Your objective -> Exact retyping of the data: please keep every word and drop each picture.

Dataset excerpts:

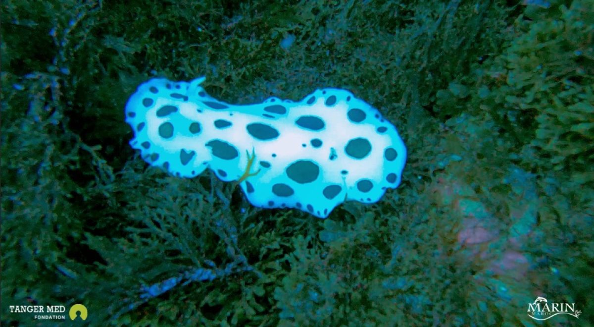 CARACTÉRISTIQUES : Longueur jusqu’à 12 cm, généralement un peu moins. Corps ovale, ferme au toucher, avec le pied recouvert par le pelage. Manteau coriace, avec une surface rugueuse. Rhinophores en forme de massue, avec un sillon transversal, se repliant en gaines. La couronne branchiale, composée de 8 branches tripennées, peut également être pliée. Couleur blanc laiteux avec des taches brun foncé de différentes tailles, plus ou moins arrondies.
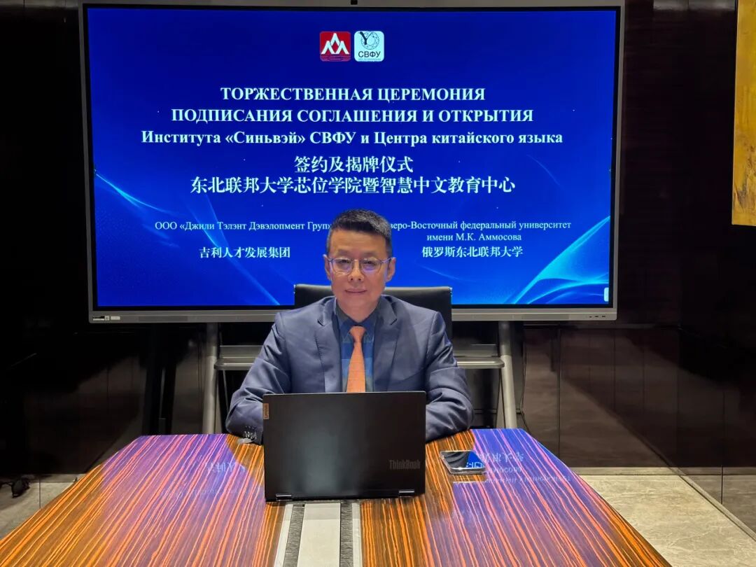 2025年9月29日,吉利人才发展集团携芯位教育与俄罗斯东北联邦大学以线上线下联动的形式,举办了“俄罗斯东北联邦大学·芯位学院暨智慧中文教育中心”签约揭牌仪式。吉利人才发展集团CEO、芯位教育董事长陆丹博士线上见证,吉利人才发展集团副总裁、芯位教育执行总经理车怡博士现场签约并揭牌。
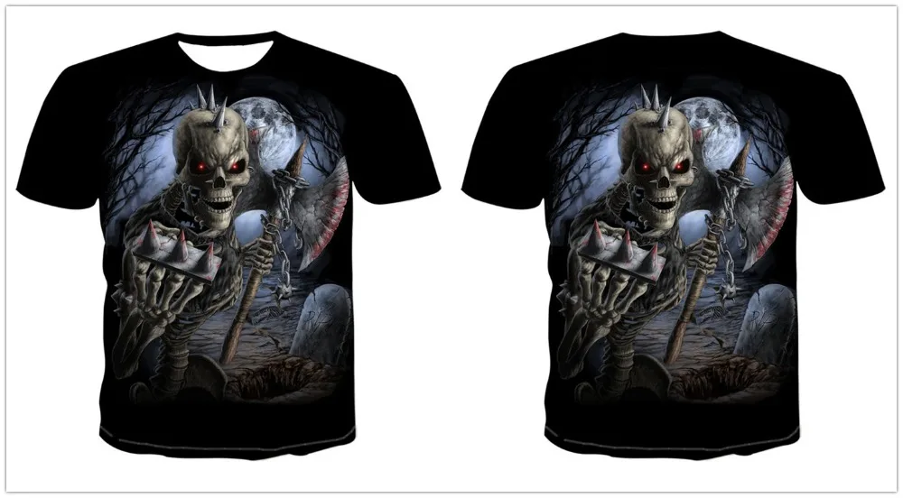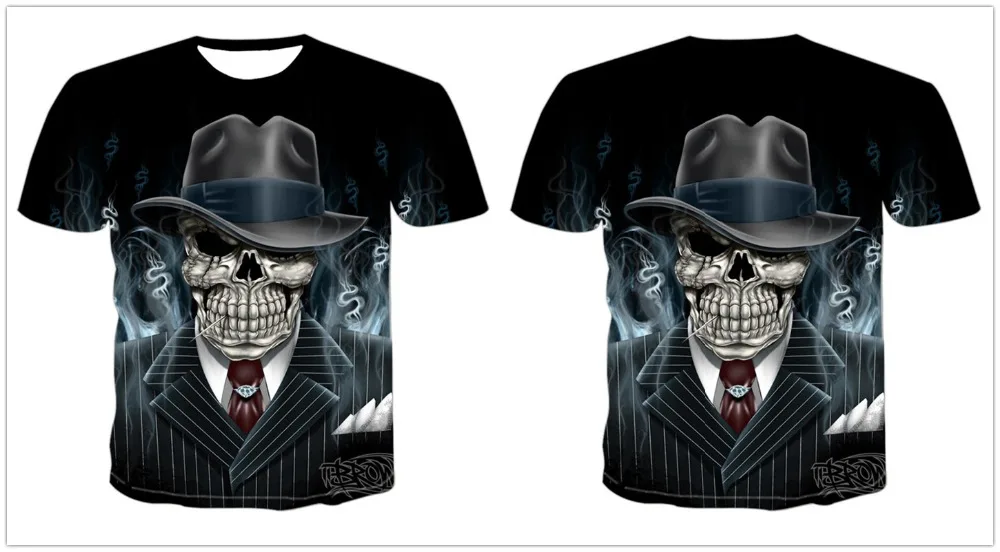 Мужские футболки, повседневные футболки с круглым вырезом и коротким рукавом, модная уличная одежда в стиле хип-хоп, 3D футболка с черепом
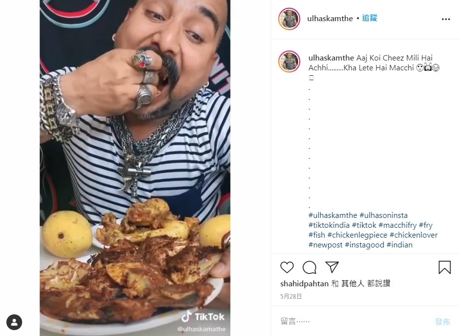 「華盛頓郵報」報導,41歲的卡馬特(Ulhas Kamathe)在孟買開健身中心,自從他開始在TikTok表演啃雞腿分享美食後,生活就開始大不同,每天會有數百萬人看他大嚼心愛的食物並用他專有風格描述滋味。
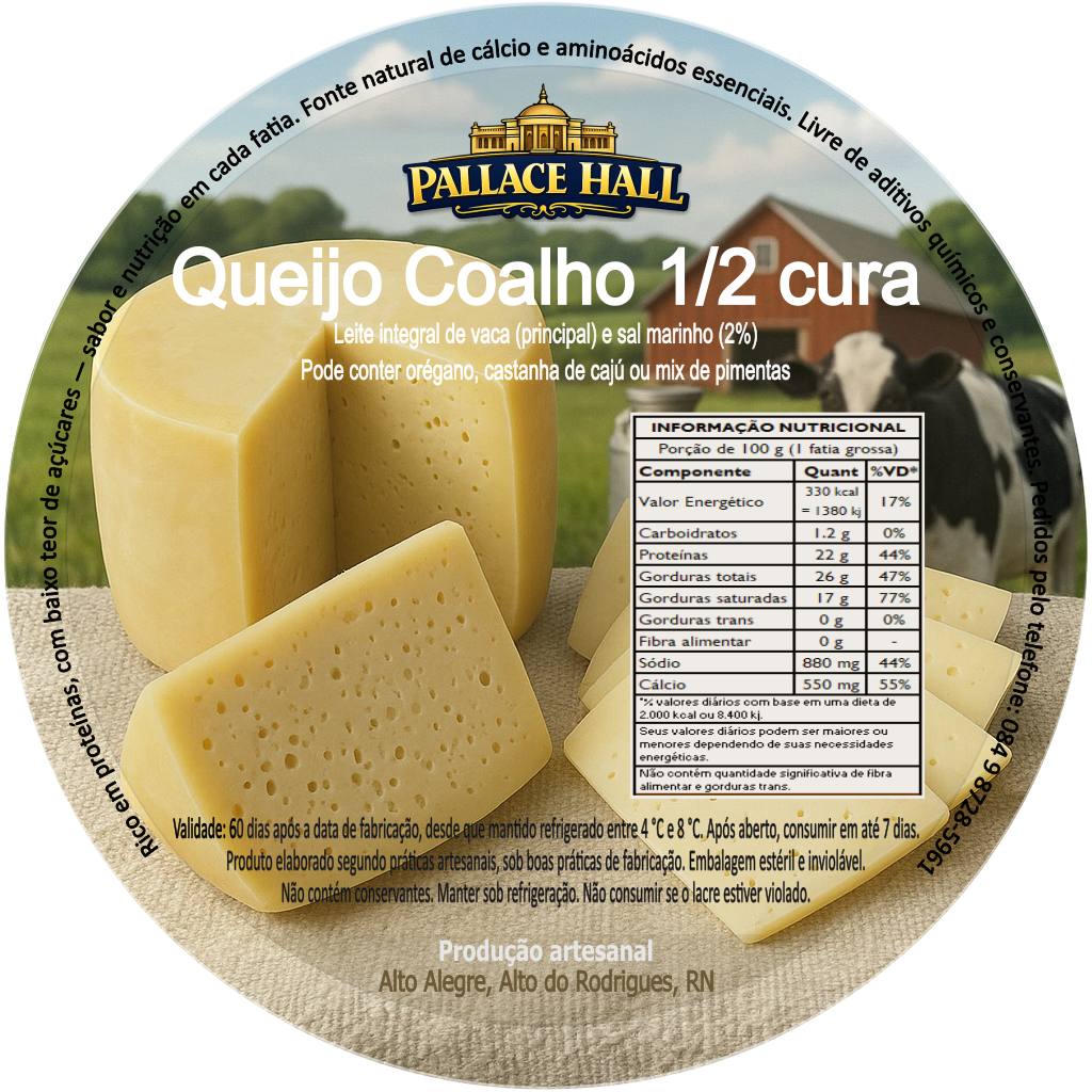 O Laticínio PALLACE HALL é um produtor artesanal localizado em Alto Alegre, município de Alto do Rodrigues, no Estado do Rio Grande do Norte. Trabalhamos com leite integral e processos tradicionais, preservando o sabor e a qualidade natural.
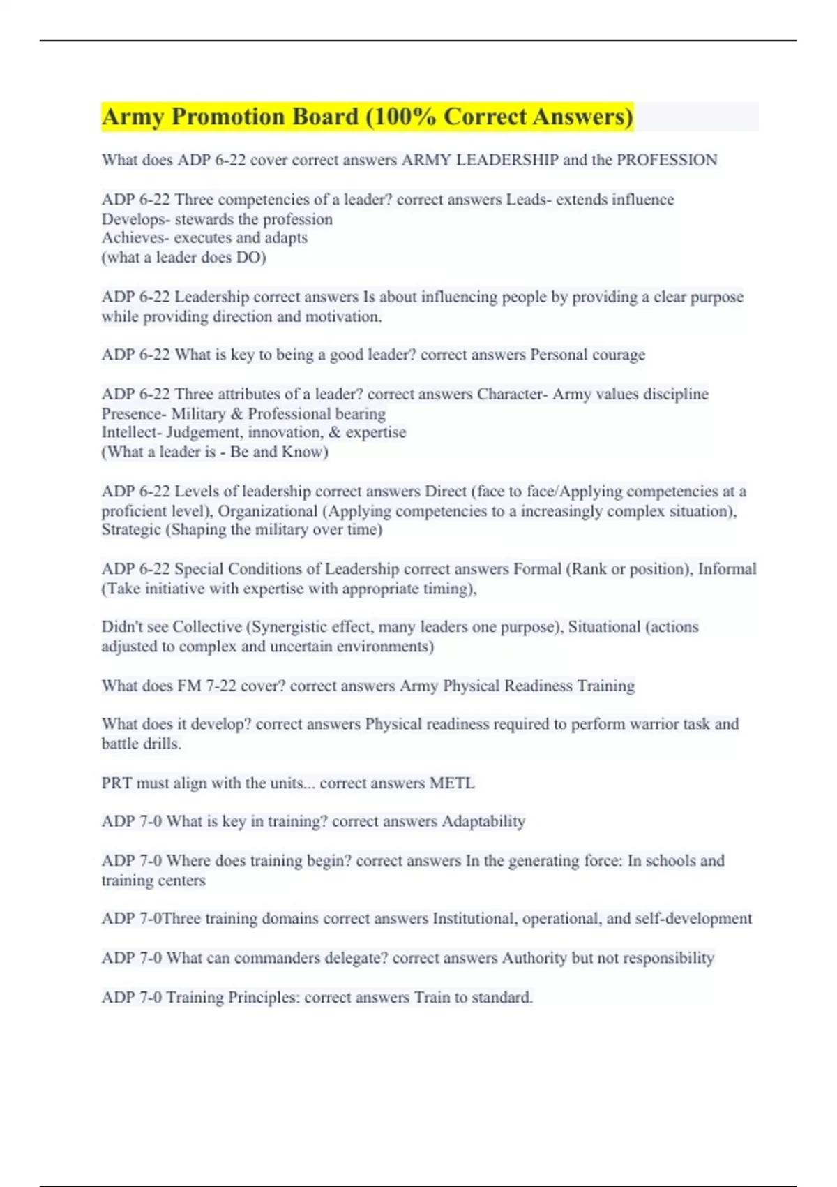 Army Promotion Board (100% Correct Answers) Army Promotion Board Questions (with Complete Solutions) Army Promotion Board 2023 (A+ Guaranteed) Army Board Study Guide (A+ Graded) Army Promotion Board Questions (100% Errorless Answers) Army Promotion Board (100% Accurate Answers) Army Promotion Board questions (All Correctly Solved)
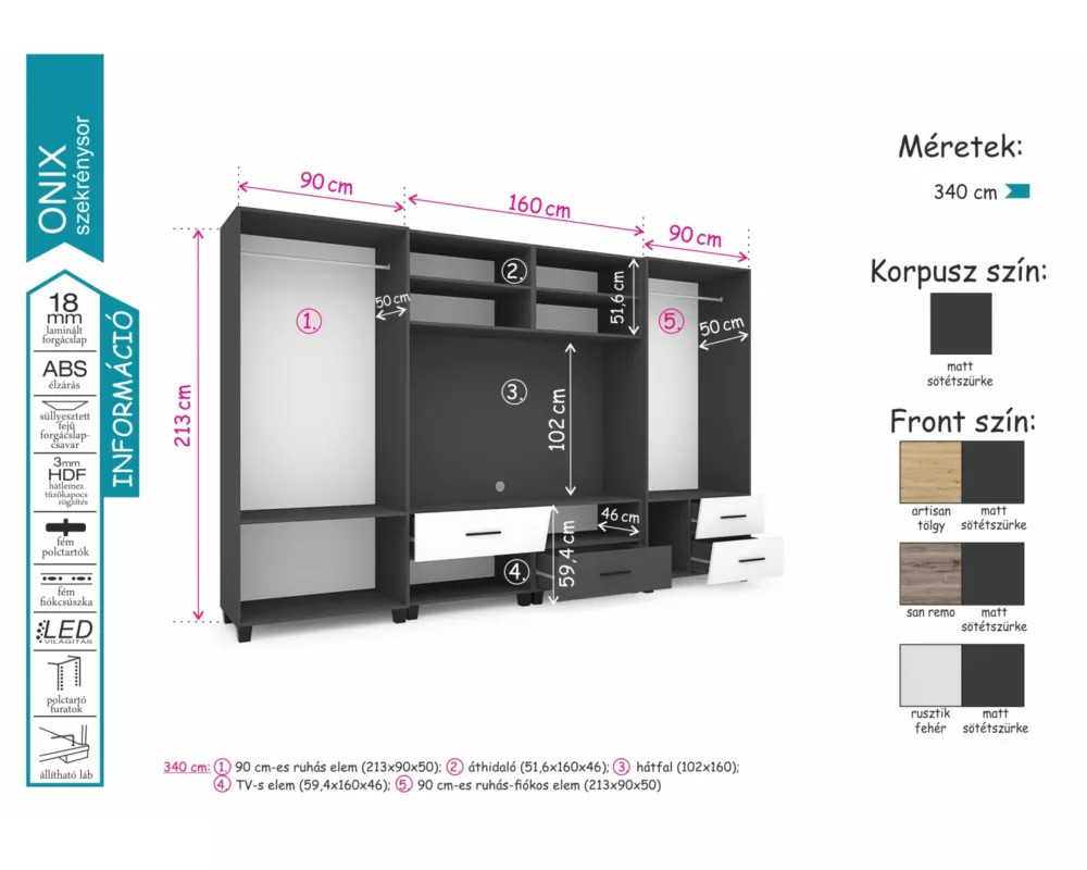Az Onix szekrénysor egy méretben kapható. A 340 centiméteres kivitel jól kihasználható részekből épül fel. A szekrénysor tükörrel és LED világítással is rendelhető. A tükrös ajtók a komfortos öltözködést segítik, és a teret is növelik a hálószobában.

Output below ->
 CARACTÉRISTIQUES : Longueur jusqu’à 12 cm, généralement un peu moins. Corps ovale, ferme au toucher, avec le pied recouvert par le pelage. Manteau coriace, avec une surface rugueuse. Rhinophores en forme de massue, avec un sillon transversal, se repliant en gaines. La couronne branchiale, composée de 8 branches tripennées, peut également être pliée. Couleur blanc laiteux avec des taches brun foncé de différentes tailles, plus ou moins arrondies.
 2025年9月29日,吉利人才发展集团携芯位教育与俄罗斯东北联邦大学以线上线下联动的形式,举办了“俄罗斯东北联邦大学·芯位学院暨智慧中文教育中心”签约揭牌仪式。吉利人才发展集团CEO、芯位教育董事长陆丹博士线上见证,吉利人才发展集团副总裁、芯位教育执行总经理车怡博士现场签约并揭牌。
 Мужские футболки, повседневные футболки с круглым вырезом и коротким рукавом, модная уличная одежда в стиле хип-хоп, 3D футболка с черепом
 「華盛頓郵報」報導,41歲的卡馬特(Ulhas Kamathe)在孟買開健身中心,自從他開始在TikTok表演啃雞腿分享美食後,生活就開始大不同,每天會有數百萬人看他大嚼心愛的食物並用他專有風格描述滋味。
 O Laticínio PALLACE HALL é um produtor artesanal localizado em Alto Alegre, município de Alto do Rodrigues, no Estado do Rio Grande do Norte. Trabalhamos com leite integral e processos tradicionais, preservando o sabor e a qualidade natural.
 Army Promotion Board (100% Correct Answers) Army Promotion Board Questions (with Complete Solutions) Army Promotion Board 2023 (A+ Guaranteed) Army Board Study Guide (A+ Graded) Army Promotion Board Questions (100% Errorless Answers) Army Promotion Board (100% Accurate Answers) Army Promotion Board questions (All Correctly Solved)
Az Onix szekrénysor egy méretben kapható. A 340 centiméteres kivitel jól kihasználható részekből épül fel. A szekrénysor tükörrel és LED világítással is rendelhető. A tükrös ajtók a komfortos öltözködést segítik, és a teret is növelik a hálószobában.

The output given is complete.